- YOUR GOAL
Please retype the records below exactly, from the first line through the line containing "形态多维评估: ⚀ 2019-07-15", and leave out any pictures.

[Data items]
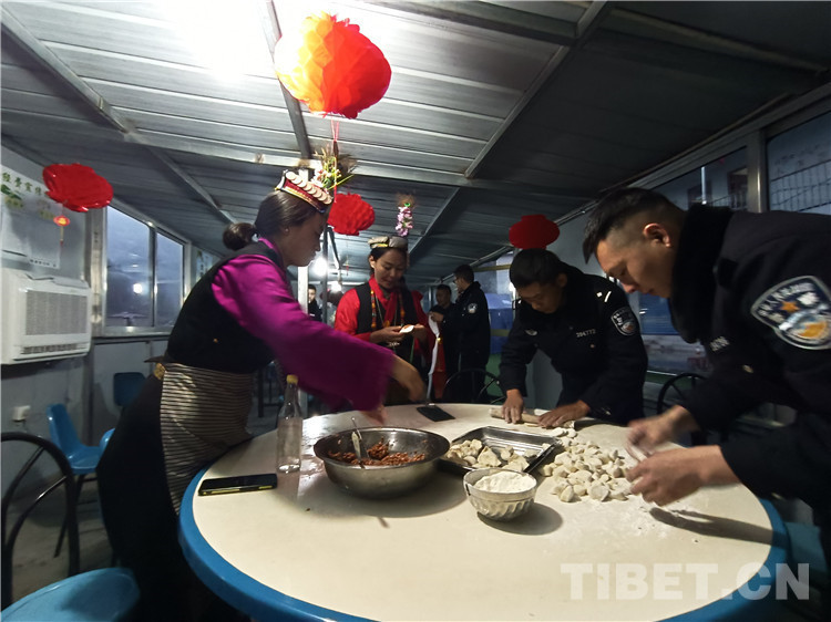 “阿久(藏語音譯:大叔),包餃子得講究手法,你要把餡放皮中央?!泵窬悋?guó)云邊講解邊演示,一個(gè)個(gè)餃子范本整整齊齊擺在托盤上。香腸、臘肉、餃子、羊肉、雞湯、糌粑、火鍋.....一桌藏漢式的年夜飯準(zhǔn)備完畢,大家圍坐在圓桌旁,舉杯共祝新春,濃濃的年味兒在夏爾巴第一村溢出,教導(dǎo)員康林感嘆道:“雖然春節(jié)不能回家,但是我們就是一個(gè)大家,祝大家新年快樂,扎西德勒!”
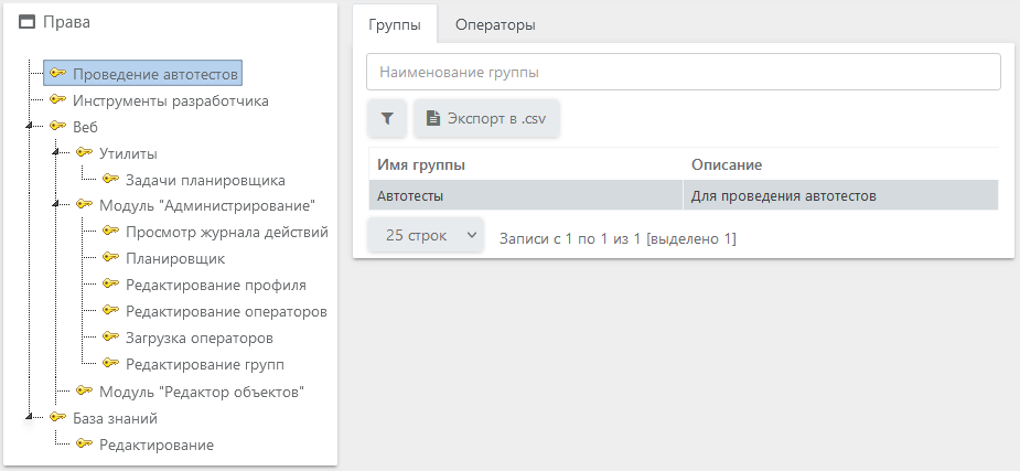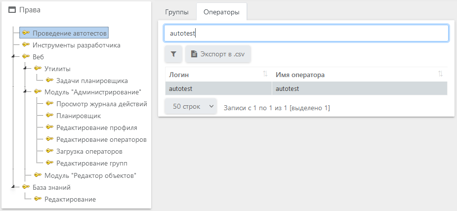 Для просмотра действующих прав оператора перейдите в интерфейс Операторы модуля Администрирование.
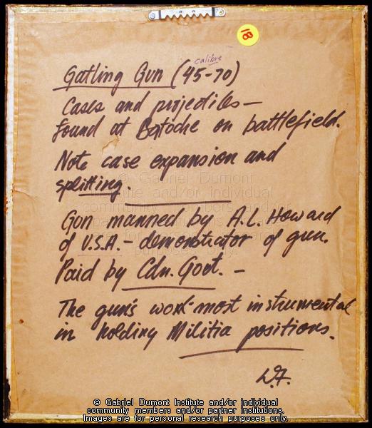 | Description: | This image (by Peter Beszterda) is of the back of a 6`` x 6`` display of Gatling Gun shell casings. This text contains information relating to the calibre of the Gatling Gun shells as well as other details. They are part of the Dennis and Jean Fisher Collection. This collection contains archaeological artifacts taken from the battlefields of the 1885 Resistance as well as Fort Pitt (Saskatchewan), Cumberland House (Saskatchewan) and St. Peter’s Mission, Montana. The collection also includes various artifacts and ephemera relating to the 1885 Resistance and Gabriel Dumont. |
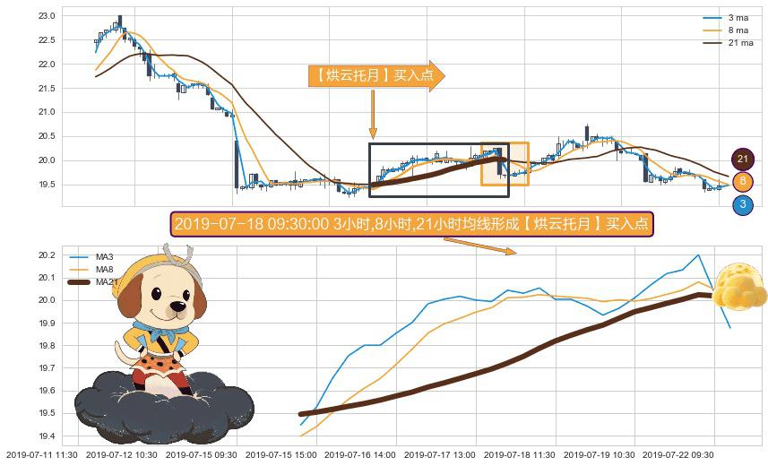 形态多维评估: ⚀ 2019-07-15 14:00:00小时-2019-07-22 10:30:00小时显现 3小时-8小时-21小时均线 【烘云托月】买入点 看多信号,后市看涨,买入
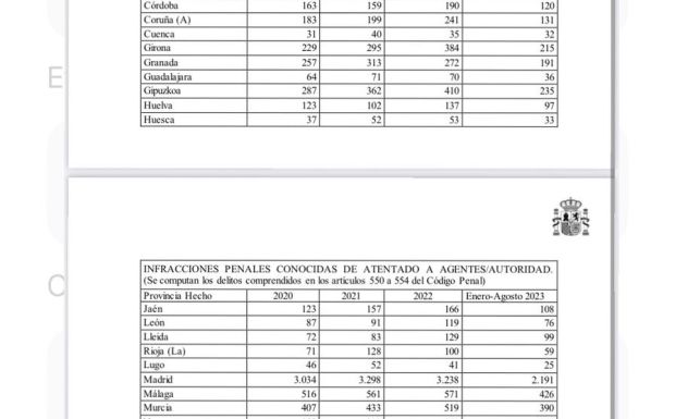 Según los datos emitidos por el Ministerio del Interior en un informe enviado a modo de respuesta a una pregunta parlamentaria realizada por parte del Partido Popular, concretamente a las diputadas Isabel María Borrego y Ana Belén Vázquez, las agresiones a los agentes de las Fuerzas y Seguridad del Estado se sitúan al alza en la primera mitad del año 2023. Una evidencia más de la falta de garantías que existen y los riesgos a los que los agentes están expuestos cada día.
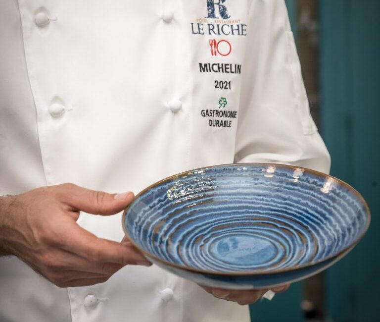 Appelés à la créativité, les chefs jouent désormais sur les matières et les motifs pour personnaliser leur table et refléter leur personnalité. Sébastien Rath, le chef alésien qui vient de décrocher sa première étoile verte au guide Michelin*, le défend : « La particularité du Restaurant Le Riche réside dans le subtil mélange entre l’esprit baroque de la bâtisse et notre décoration ultramoderne. Nous jouons notamment sur les couleurs, les textures, et les matières présentes sur la table afin de créer cet effet « waouh » qui doit se confirmer lors de la dégustation. »
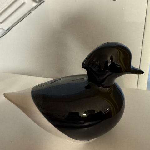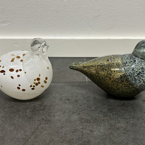 Kaksi lintua, joista toinen on lasinen ja toinen keraaminen. Lasinen lintu on osittain läpinäkyvä ja siinä on metallinhohtoinen pää. Keraaminen lintu on yksivärinen ja mattapintainen.
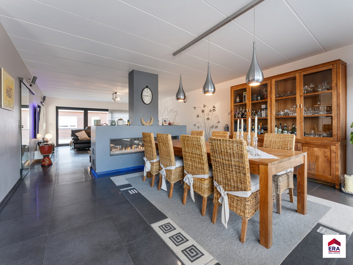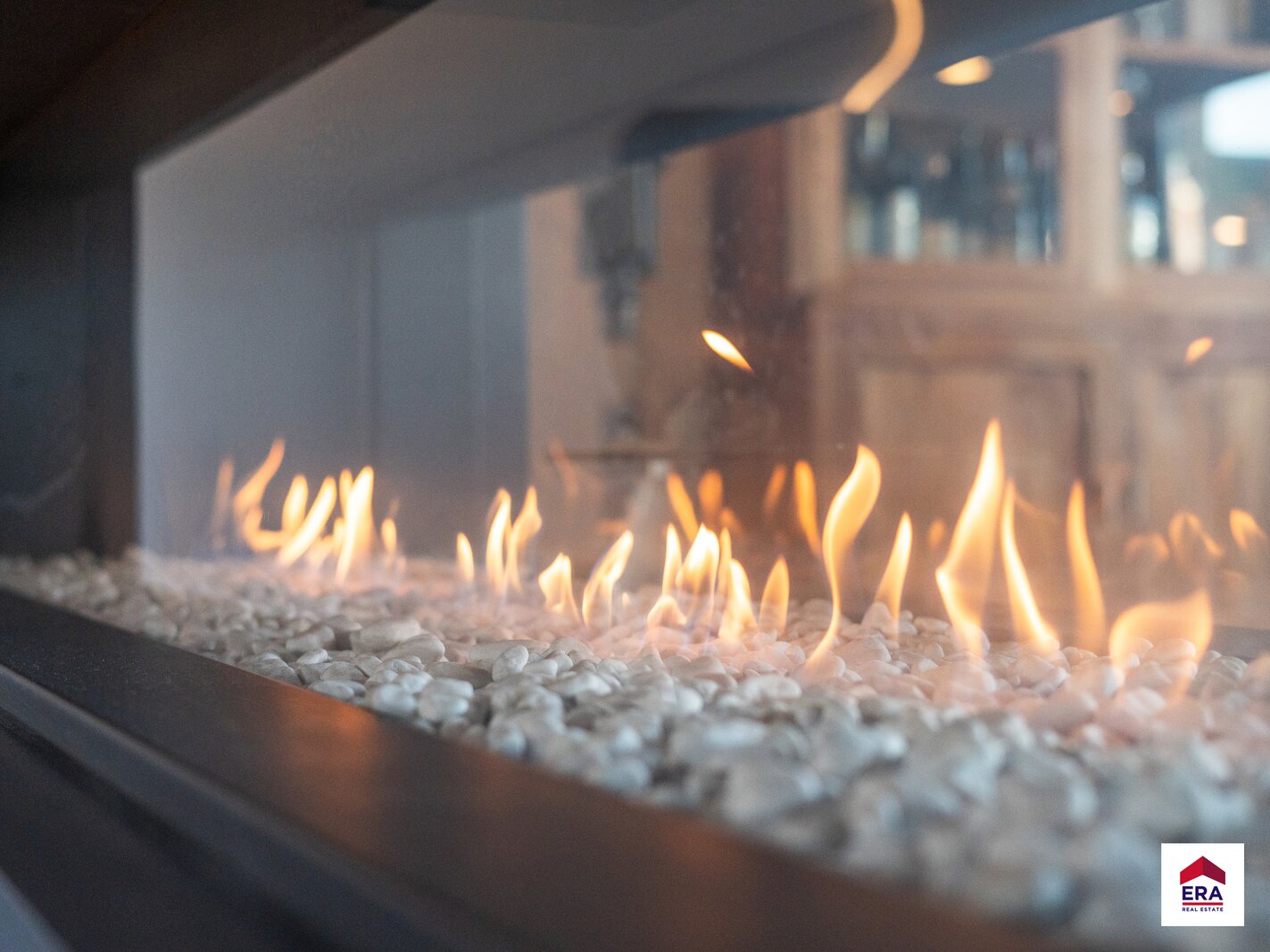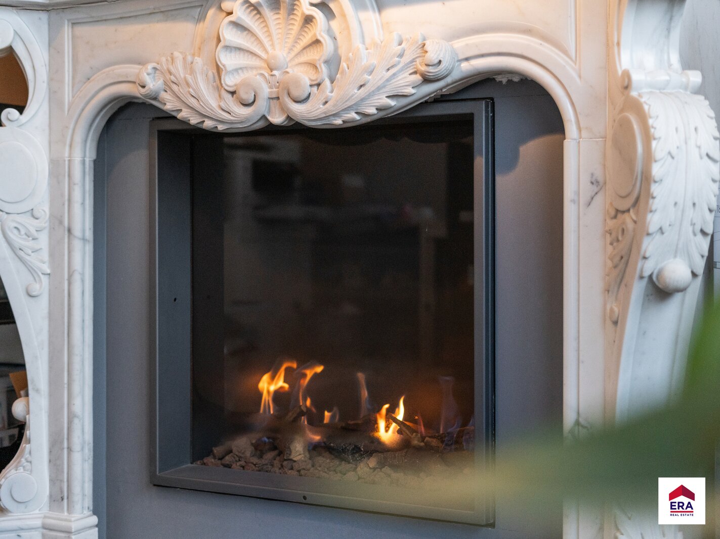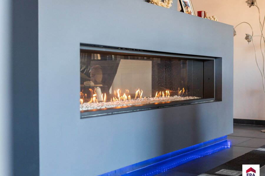 1e verdiep: woonkamer (63m²) met prachtige doorkijkhaard, open en volledig ingerichte keuken met bureel (14m²), koele berging, apart toilet, wasplaats, prachtig terras van 45m² met uniek uitzicht.
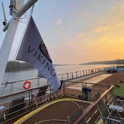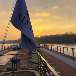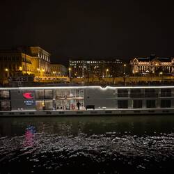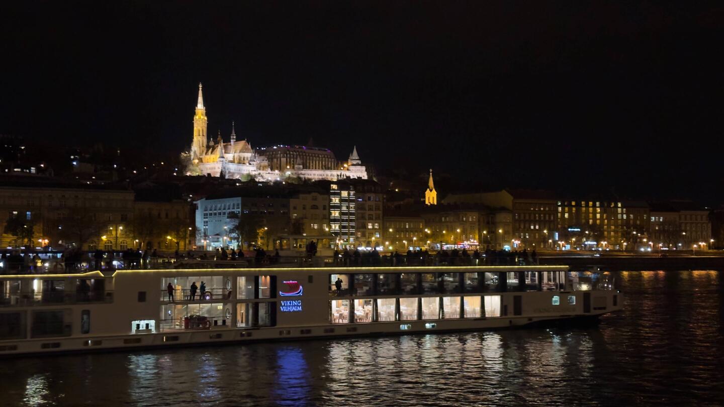 The lines were released, the thrusters quietly pushed us away from the Viking Vali still moored to the shore, and the Viking Vilhjalm took that moment to glide past us on the port side. I think they wanted to challenge us to a race up the Danube. Captain Juri Tolkacev knew better. This was not the night for speed or bravado. If it were, The Rinda would win easily. But this moment called for awe and reflection.
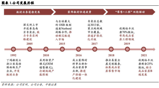 德华兔宝宝装饰新材股份有限公司创建于1992 年,前身是浙江省装饰贴面板生产企业。公司是国内高端环保家具板材产销规模最大的企业之一,2005 年在深交所上市。公司的发展大致可以分为三个阶段:第一阶段为 “板材业务发展期”,公司致力于专卖店建设和渠道建设,2010 年首次采用轻资产模式(OEM 销售模式),灵活布局地域产能;第二阶段为 “装饰板材放量期”,2015 年公司与加拿大顺芯板制造商 Norbord 的合作开启 “顺芯板” 时代,营收与净利润快速增长;第三阶段为 “零售 + 工程双轮驱动期”,公司产业链向下延伸,2018 年推出易装全屋定制,提供从板材到柜体的一体化定制服务,2019 年收购裕丰汉唐,进入房地产精装修工程领域。
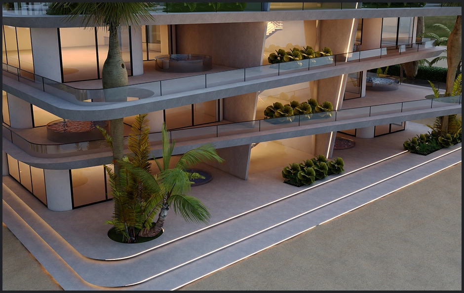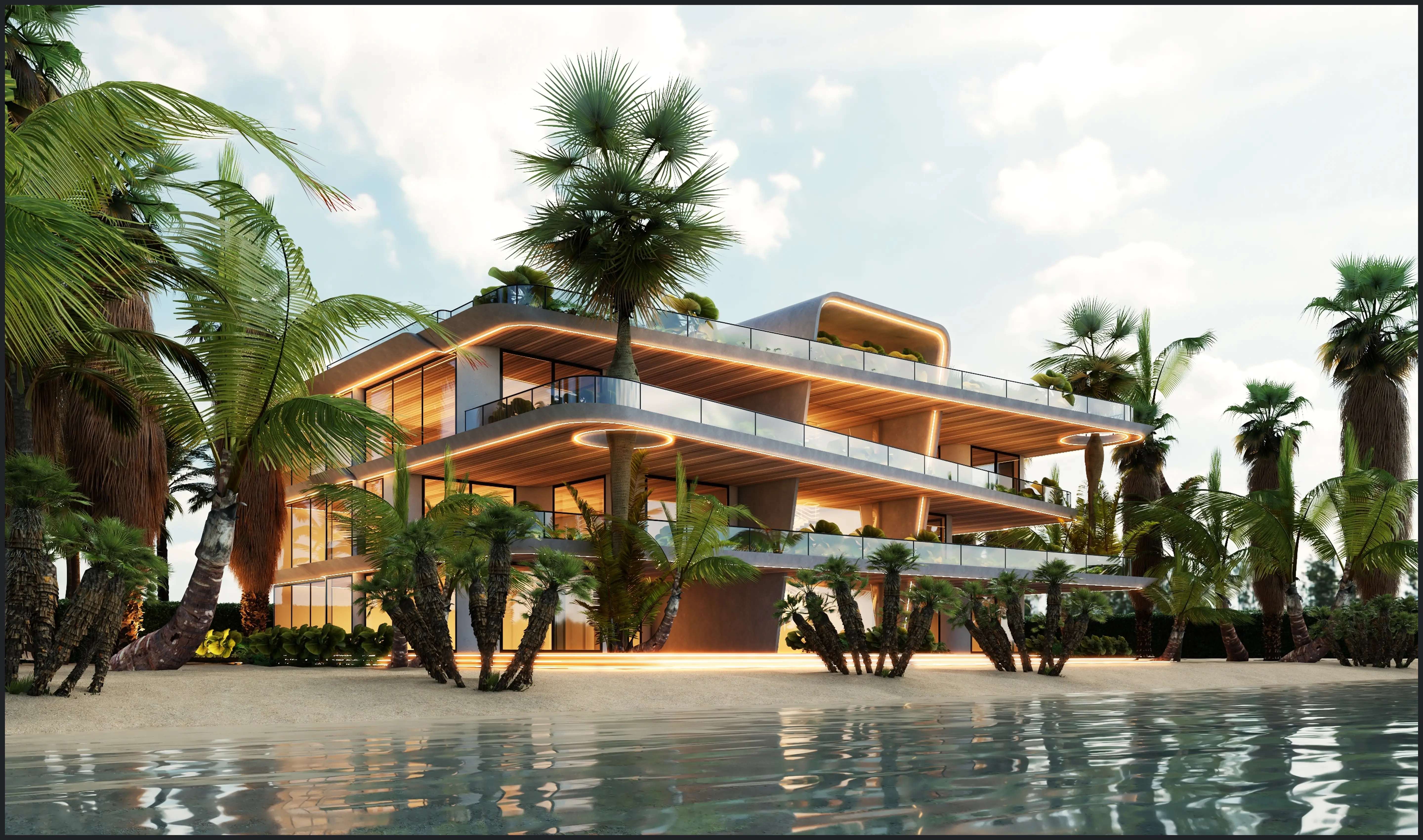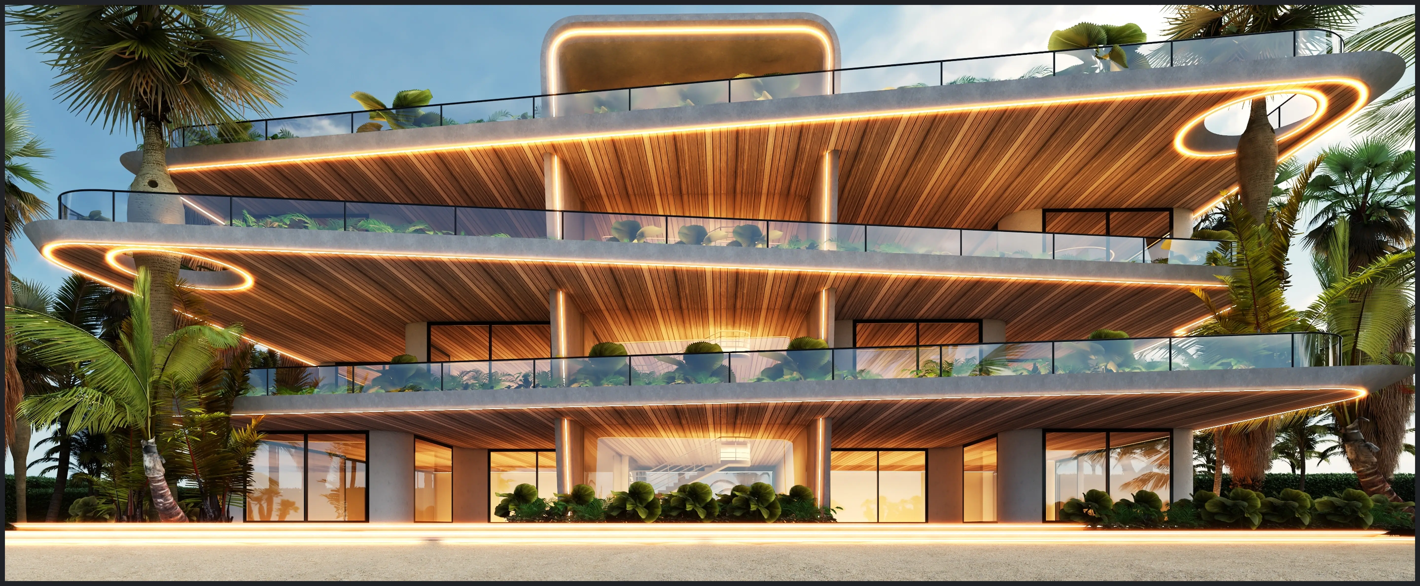 A contemporary architectural masterpiece with ocean-inspired curved structures, glass facades for seamless indoor-outdoor flow, panoramic terraces, and a sustainable luxury design integrating natural materials like wood and greenery.
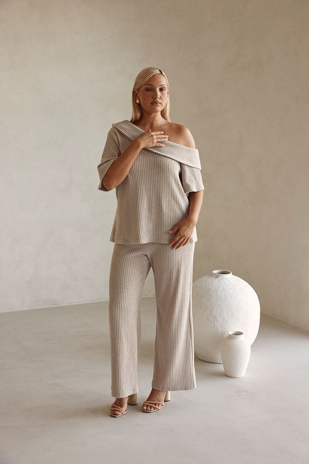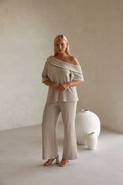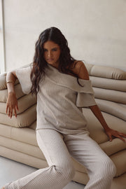 A classy set that can be dressed up with heels or kept casual with sandals! The Tarika Top is made from a comfy ribbed knit fabric in a stone hue. It is a relaxed style featuring an asymmetrical neckline with fold over panel detail and short boxy sleeves. Get the set with the Tarika Pants. Designed exclusively by Sabo.
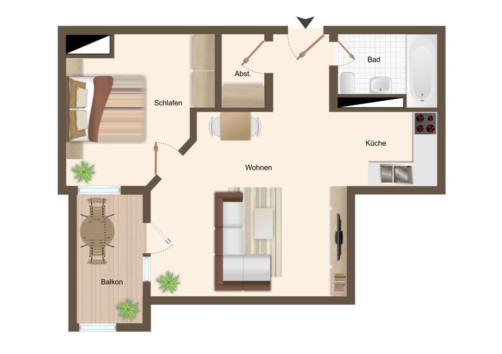 Zwei-Raum-Apartment mit insgesamt ca. 43m² Wfl.

- TASK ANSWER
 “阿久(藏語音譯:大叔),包餃子得講究手法,你要把餡放皮中央?!泵窬悋?guó)云邊講解邊演示,一個(gè)個(gè)餃子范本整整齊齊擺在托盤上。香腸、臘肉、餃子、羊肉、雞湯、糌粑、火鍋.....一桌藏漢式的年夜飯準(zhǔn)備完畢,大家圍坐在圓桌旁,舉杯共祝新春,濃濃的年味兒在夏爾巴第一村溢出,教導(dǎo)員康林感嘆道:“雖然春節(jié)不能回家,但是我們就是一個(gè)大家,祝大家新年快樂,扎西德勒!”
 Для просмотра действующих прав оператора перейдите в интерфейс Операторы модуля Администрирование.
 | Description: | This image (by Peter Beszterda) is of the back of a 6`` x 6`` display of Gatling Gun shell casings. This text contains information relating to the calibre of the Gatling Gun shells as well as other details. They are part of the Dennis and Jean Fisher Collection. This collection contains archaeological artifacts taken from the battlefields of the 1885 Resistance as well as Fort Pitt (Saskatchewan), Cumberland House (Saskatchewan) and St. Peter’s Mission, Montana. The collection also includes various artifacts and ephemera relating to the 1885 Resistance and Gabriel Dumont. |
 形态多维评估: ⚀ 2019-07-15 14:00:00小时-2019-07-22 10:30:00小时显现 3小时-8小时-21小时均线 【烘云托月】买入点 看多信号,后市看涨,买入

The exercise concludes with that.